**Task requirements:** Every line of the listing must be reproduced as it stands. Leave the images behind.

**Recorded data:**
***
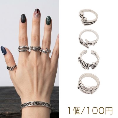 デザインリング ユニーク アニマルデザイン ヴィンテージ風 アンティークシルバー メタルリング オープンリング 全5種(1個)
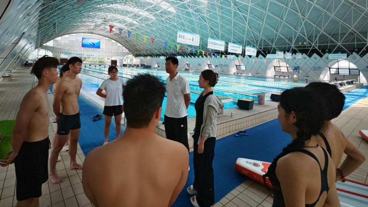 出征前,beat365唯一官方网站李伦副院长到游泳馆看望参训队员,强调了校园体育在培养学生团队精神、锤炼意志品质中的重要作用,鼓励参赛队员赛出风格、赛出水平。
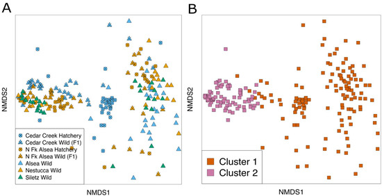 NMDS plots and PAM cluster analysis reveal two clusters that may represent two steelhead gut microbiome types. (A) shows the combined NMDS visualization of all wild-born and hatchery-reared steelhead gut microbiome samples. The samples aggregate into two groups separated by space in the ordination. The coloring based on river basins and the shapes based on management type indicate that neither of these variables separates out into these two clusters. (B) colors each microbiome sample based on the PAM cluster designation and shows that PAM cluster assignment corresponds with the two speculated clusters.
***
**Response for this exercise:**
 デザインリング ユニーク アニマルデザイン ヴィンテージ風 アンティークシルバー メタルリング オープンリング 全5種(1個)
 出征前,beat365唯一官方网站李伦副院长到游泳馆看望参训队员,强调了校园体育在培养学生团队精神、锤炼意志品质中的重要作用,鼓励参赛队员赛出风格、赛出水平。
 NMDS plots and PAM cluster analysis reveal two clusters that may represent two steelhead gut microbiome types. (A) shows the combined NMDS visualization of all wild-born and hatchery-reared steelhead gut microbiome samples. The samples aggregate into two groups separated by space in the ordination. The coloring based on river basins and the shapes based on management type indicate that neither of these variables separates out into these two clusters. (B) colors each microbiome sample based on the PAM cluster designation and shows that PAM cluster assignment corresponds with the two speculated clusters.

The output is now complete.